И бежит раздетый мальчуган между сотней лошадей извозчичьего двора искать «гнедую с лысинкой» и «воблу под седушкой».
Сколько их заболевало воспалением легких!
С пьяных получать деньги было прямо‑таки подвигом, полчаса держит и ругается пьяный посетитель, пока ему протолкуешь.
А протолковать опытные ребята умели, и в этом доход их был.
И получить сумеют.
– Ну как, заправил?
– Петра‑то Кирилыча? Так, махонького… А все‑таки… Сейчас еще жив сапожник Петр Иванович, которым хорошо помнит этого, как я уже рассказывал, действительно существовавшего углицкого крестьянина Петра Кирилыча, так как ему сапоги шил. Петр Иванович каждое утро пьет чай в «Обжорке», где собираются старинные половые.
Московские купцы, любившие всегда над кем‑нибудь посмеяться, говорили ему: «Ты, Петр, мне не заправляй Петра Кирилыча!» Но Петр Кирилыч иногда отвечал купцу – он знал кому и как ответить – так:
– И все‑то я у вас на уме, все я. Это на пользу. Небось по счетам когда платите, сейчас обо мне вспоминаете, глянь, и наживете. И сами, когда счета покупателю пишете, тоже меня не забудете. На чаек бы с вашей милости!
И приходилось давать и уж больше не повторять своих купеческих шуток.
Этой чисто купеческой привычкой насмехаться и глумиться над беззащитными некоторые половые умело пользовались. Они притворялись оскорбленными и выуживали «на чай». Был такой у Гурина половой Иван Селедкин. Это была его настоящая фамилия, но он ругался, когда его звали по фамилии, а не по имени. Не то, что по фамилии назовут, но даже в том случае, если гость прикажет подать селедку, он свирепствует:
– Я тебе дам селедку! А по морде хочешь?
В трактире всегда сидели свои люди, знали это, и никто не обижался. Но едва не случилась с ним беда. Это было уже у Тестова, куда он перешел от Гурина. В зал пришел переведенный в Москву на должность начальника жандармского управления генерал Слезкин. Он с компанией занял стол и заказывал закуску.

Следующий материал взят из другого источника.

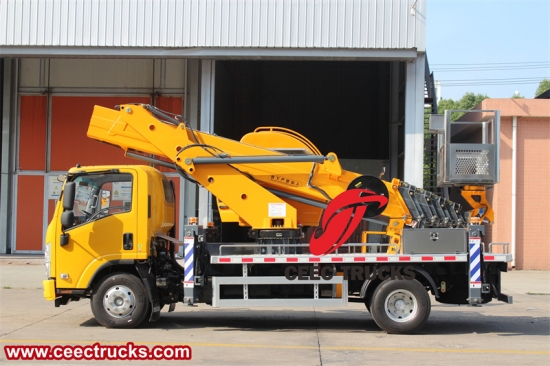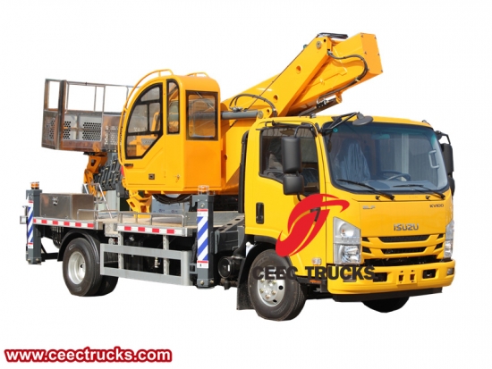 Trak angkat kren baldi 16m, casis ISUZU KV100 4x2, kotak gear manual 5-anjakan, enjin diesel ISUZU 120HP, pengecatan dan logo bergantung pada keperluan. Kotak kawalan bahasa pelanggan.

Получив приказ, половой пошел за кушаньем, а вслед ему Слезкин крикнул командирским голосом:
– Селедку не забудь, селедку!
И на несчастье, из другой двери в это время входил Селедкин. Он не видел генерала, а только слышал слово «селедку».
– Я тебе, мерзавец, дам селедку! А по морде хочешь?
Угрожающе обернулся и замер.
Замерли и купцы.
У кого ложка остановилась у рта. У кого разбилась рюмка. Кто поперхнулся и задыхался, боясь кашлянуть.
Чем кончилось это табло – неизвестно. Знаю только, что Селедкин продолжал свою службу у Тестова.
В трактире Егорова, в Охотном, славившемся блинами и рыбным столом, а также и тем, что в трактире не позволяли курить, так как хозяин был по старой вере, был половой Козел.
Старик с огромной козлиной седой бородой, да еще тверской, был прозван весьма удачно и не выносил этого слова, которого вообще тверцы не любили. Охотно‑рядские купцы потешались над ним обыкновенно так: занимали стол, заказывали еду, а посреди стола клали незавязанный пакет. Когда старик ставил кушанье и брал пакет, чтоб освободить место для посуды, он снимал сверху бумагу – а там игрушечный козел! Схватывал старик этого козла и с руганью бросал об пол. Но если игрушка была ценная, из хорошего магазина, он схватывал, убегал и прятал ее. А в следующий раз купцы опять покупали козла. Под старость Козел служил в «Монетном» у Обухова, в Охотном ряду, где в старину был монетный двор.
Был в трактире у «Арсентьича» половой, который не выносил слова «лимон». Говорят, что когда‑то он украл на складе мешок лимонов, загулял у девочек, а они мешок развязали и вместо лимонов насыпали гнилого картофеля.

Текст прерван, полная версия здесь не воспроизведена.